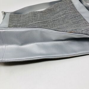 Crafted from durable canvas material, the exterior of the bag is a chic gray color and features a snap closure. The bag also comes with a faux leather handle/strap in a matching gray color, with a drop of 15 inches for comfortable carrying.
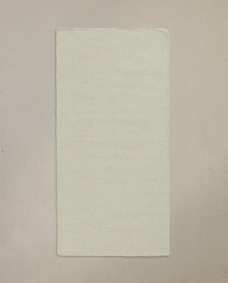 Tapete de lana y algodón, elaborado en telar siguiendo un patrón de espina de pescado. Disponible en tamaño para pasillo.
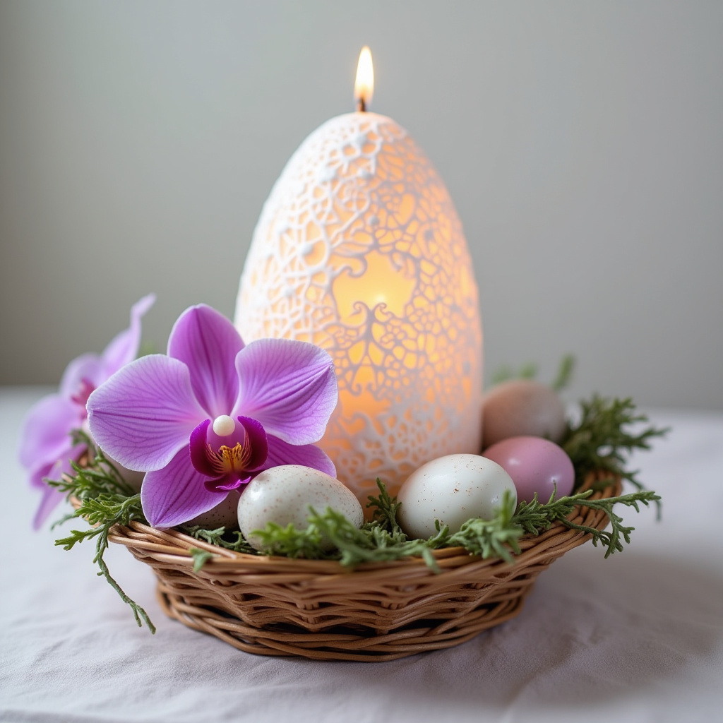 basket, candle, celebration, centerpiece, decoration, easter egg, festive, floral arrangement, flowers, handmade, holiday, home decor, natural elements, orchids, pastel colors, seasonal decor, soft lighting, spring, table setting, tradition

**WHAT TO PRODUCE**: Everything from the line with "Tapete de lana" through the end of the listing above, both ends included, should be set down exactly; copy nothing else, and skip the pictures.

**RESPONSE**:
 Tapete de lana y algodón, elaborado en telar siguiendo un patrón de espina de pescado. Disponible en tamaño para pasillo.
 basket, candle, celebration, centerpiece, decoration, easter egg, festive, floral arrangement, flowers, handmade, holiday, home decor, natural elements, orchids, pastel colors, seasonal decor, soft lighting, spring, table setting, tradition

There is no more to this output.